It’s just before Christmas and with the holiday spirit in mind, I want to let you know that “Software” Santa is alive and well – but only in Europe!

So what’s this about? Many organizations have considered selling software licences that they are no longer using due to buying too many licenses or converting to a different software. But in North America you can’t resell your unused – but paid for – software licences. In Europe, you can legally do it!

Last year in July, Europe’s highest court, the European Court of Justice, ruled against Oracle, stating that the exclusive right of distribution of a copy of a software is “exhausted” on its first sale (see here for more information). Copyright “exhaustion” refers to the concept that once you sold something, you gave up your right to control it. This means that the selling and/or trading of used software licenses is legal in Europe and that the issuer of such software cannot oppose any resale.
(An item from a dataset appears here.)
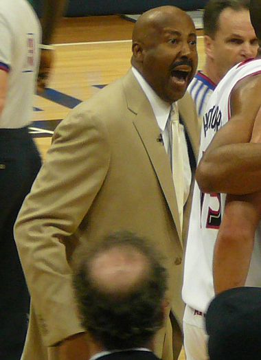 User:Chrisjnelson agreed to license this image of Royce_Ring.jpg under a free attribution license.

Last month, this was further strengthened by a German (Hamburg Regional) court that ruled that SAP’s terms and conditions are anti-competitive. Among other things, those clauses required written permission from SAP for the resale of SAP licenses. The ruling means that SAP software can now be resold in Germany without the vendor’s permission.

And what’s happening in North America? Have the European rulings created a debate? Has any media covered it? The best I could find is a story about an appeals court ruling in the US that when dealing with software, as long as the provider calls what it sells “a license” rather than a “sale,” the provider (e.g. Oracle or SAP) keeps the resale rights.
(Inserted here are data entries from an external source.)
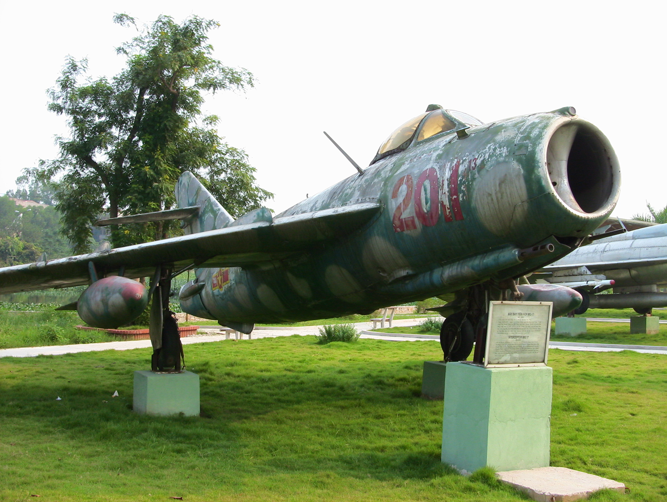 A MiG-17 owned by the fighter regiment 923. On May 12th, 1967 it driven by Ngo Duc Mai to shot down US Air Force F-4C 63-7614. Máy bay tiêm kích MIG17 mang số hiệu 2011 đang được trưng bày tại Bảo tàng Phòng không Không quân, Hà Nội. Trong thời gian chiến tranh Việt Nam, nhiều anh hùng lực lượng vũ trang của đoàn 923 Không quân Nhân dân Việt Nam đã điều khiển chiếc máy bay này. Ngày 12/5/1967, Ngô Đức Mai (lúc đó là trung úy) đã điều khiển máy bay này và bắn rơi máy bay của Normal Cagadixo (lúc đó là đại tá không lực Hoa Kỳ).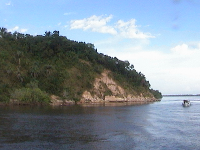 a view to the trombetas river near oriximina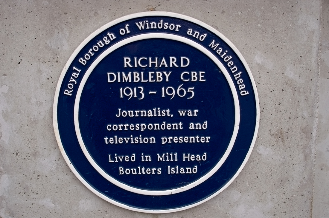 Richard Dimblebys Blue Plaque

It is interesting that there is no debate on the subject in North America when a similar ruling would benefit many organizations, as most have unused software licences that they could sell, allowing the resale of software licences. This would help the organization purchasing the used software licences, as the buyers would get these at a fraction of the cost. It would also create a resale market for used software licences. It would be just like cars – some people will only buy used cars, while others want new ones with the latest features.

In the new world of software licencing, North American vendors will find that they are at a disadvantage when they compete for business in Europe, unless they offer their products to the new and used market. They will probably change their licencing terms to allow the flexibility of the reselling feature in Europe, but not in North America as there is no pressure to do so.

What do you think – should the reselling of software licences be allowed?